The long opening sketch, Confuse a Cat, seems to be an excuse for a sequence of frankly bizarre images, such as a penguin on a pogo stick (not a sentence that tends to get typed very often!).

Before this though, Graham Chapman’s vet is able to put his finger exactly on the cat’s problem.

You see …. your cat is suffering from what we vets haven’t found a word for. His condition is typified by total physical inertia, absence of interest in its ambiance – what we Vets call environment – failure to respond to the conventional external stimuli – a ball of string, a nice juicy mouse, a bird. To be blunt, your cat is in a rut. It’s the old stockbroker syndrome, the suburban fin de siecle ennui, angst, weltschmertz, call it what you will.

The rest of the episode contains shorter sketches linked by a series of vox-pops.  The Cleese/Palin sketch with Palin as the world’s most inept smuggler and Cleese as the customs officer is probably the best of the bunch, although as it features a punch-line it feels a little out of place as a Python sketch.  Possibly, like some of the other early sketches, it predated the series?

After this, Terry Jones attempts to chair a discussion on the points raised with a duck, a cat and a lizard.  Since all are stuffed, this doesn’t generate a great deal of debate.  Luckily though, there are plenty of men in the street who are able to offer an opinion, such as this stockbroker (played by John Cleese).

Well I think they should attack the lower classes, first with bombs and rockets, destroying their homes and then when they run helpless into the streets, mowing them down with machine guns.
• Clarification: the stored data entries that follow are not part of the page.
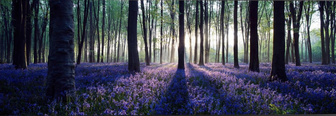 Painting of a forest floor covered in purple flowers, with tree trunks casting shadows.
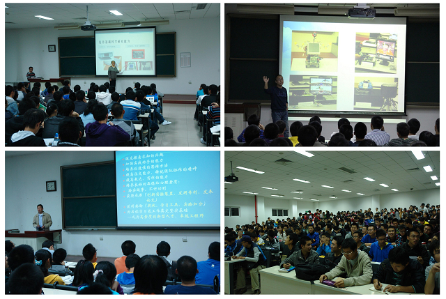 10月14日,邀請張忠廉、洪瑾、孫華飛、史慶藩、張婷、蘇偉、呂桂琴、劉穎、馬志峰等9名科技創新指導經驗豐富的教師在良鄉校區進行專題講座。通過講座,引導學生參與科技創新活動,激發學生參加創新活動的興趣,讓學生知道 "做什么"、"如何做"、"做到什么程度"。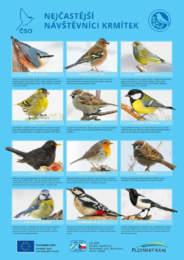- Čím rozmanitější potravu v krmítku nabídneme, tím více druhů pozorujeme.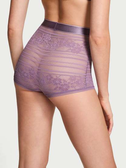 Cotton Logo Lace High-Waist Boyshort Panty Lace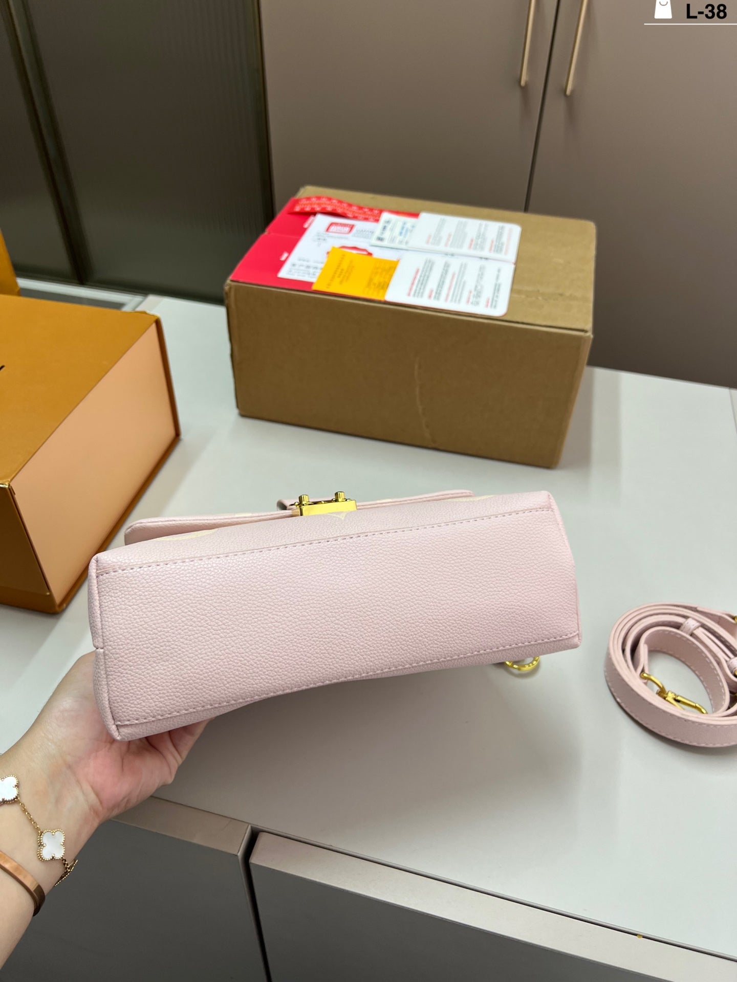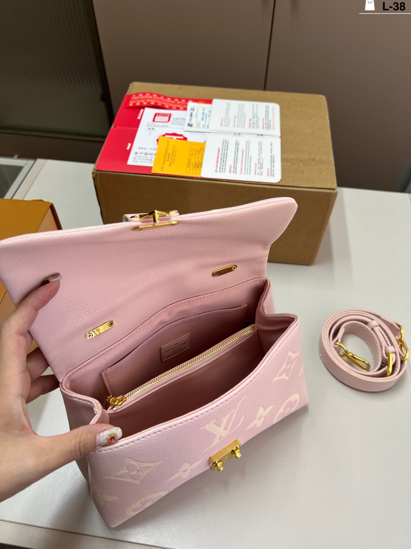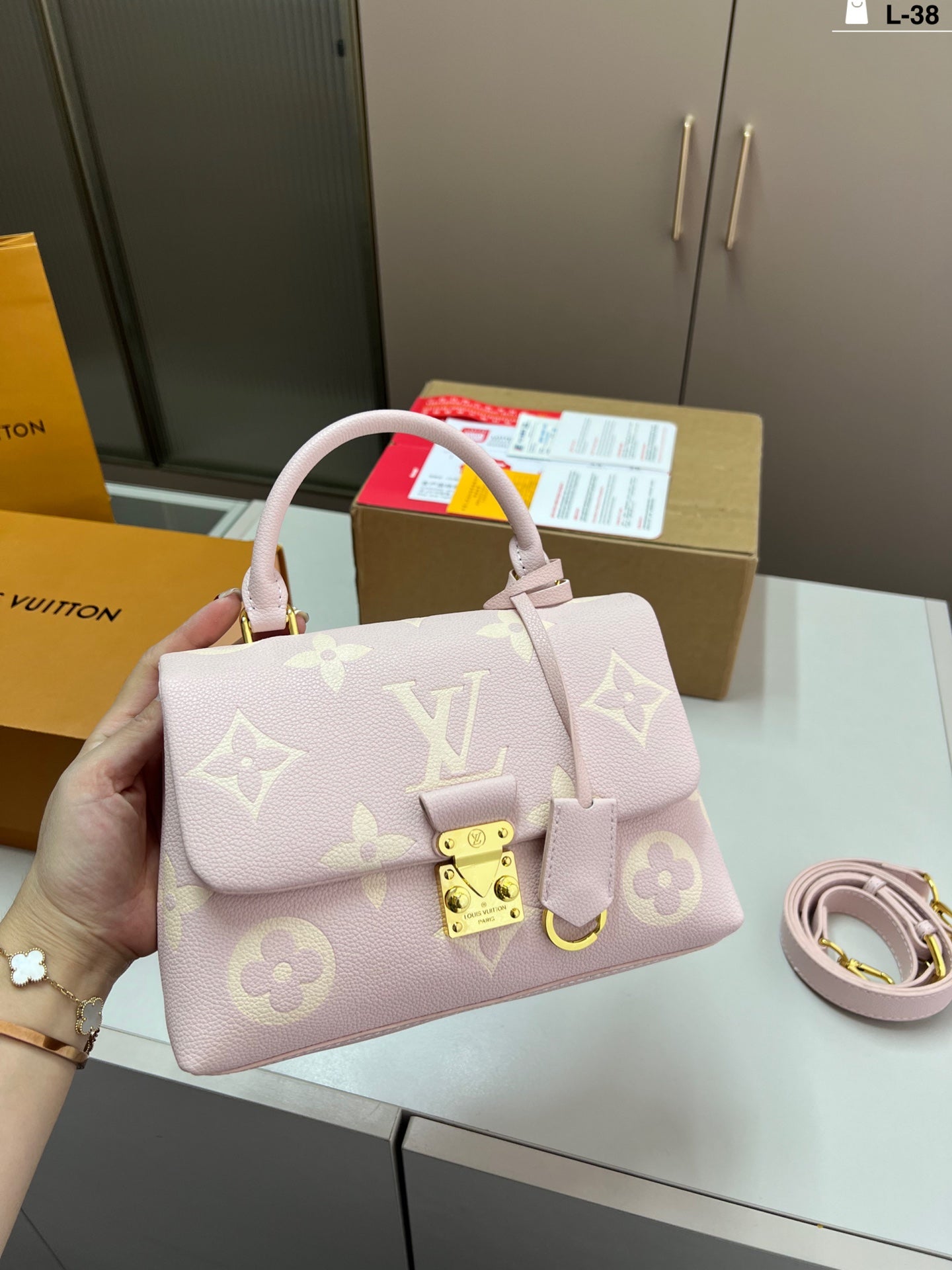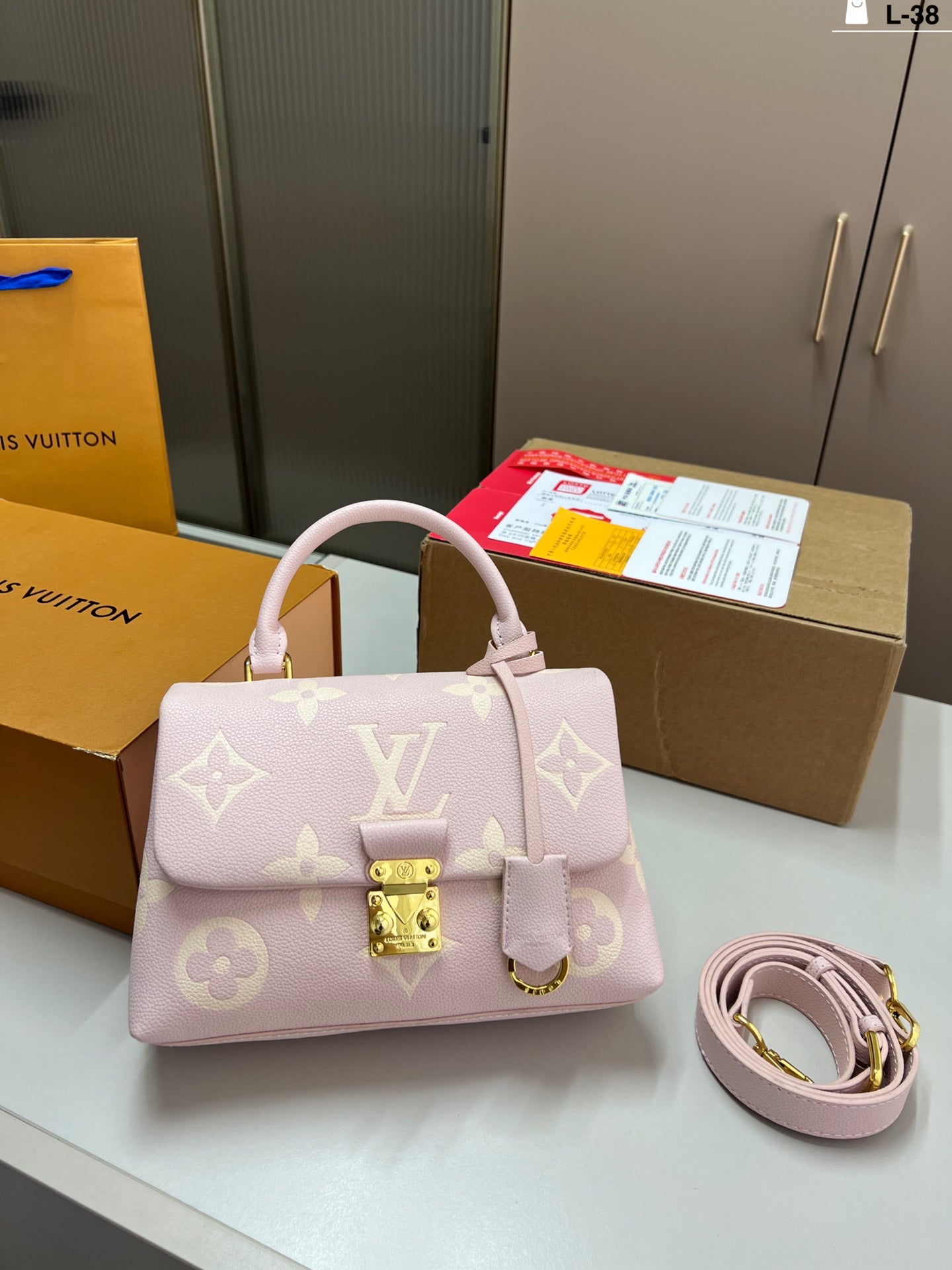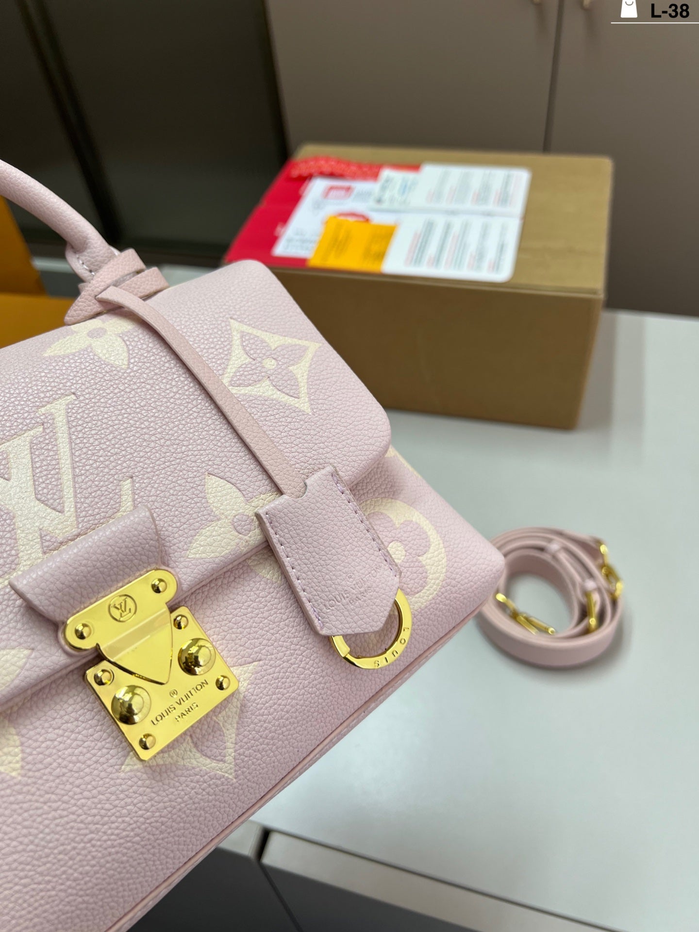 Introducing the LV New Color Madeleine Portable Messenger Chain Bag, designed for the modern fashionista. This elegant bag features a unique folding design, reminiscent of a classic airplane box, with dimensions of 24×15 cm. Perfect for on-the-go adventures, it effortlessly combines style and functionality. The luxurious chain strap adds a touch of sophistication, making it an ideal accessory for any occasion. Elevate your wardrobe with this chic and versatile bag, perfect for both casual and formal outings.

Ad then of course releasing the vultures. I know these views aren’t popular, but I have never courted popularity.

A Cleese/Chapman sketch featuring Cleese as a bizarre interviewer and Chapman as a bewildered interviewee doesn’t really go anywhere – there would be better examples of the domineering Cleese to come in future episodes.

Like a lot of Man’s crisis etc, the Encyclopedia Salesman sketch is a throwaway, but I’ve always rather liked it.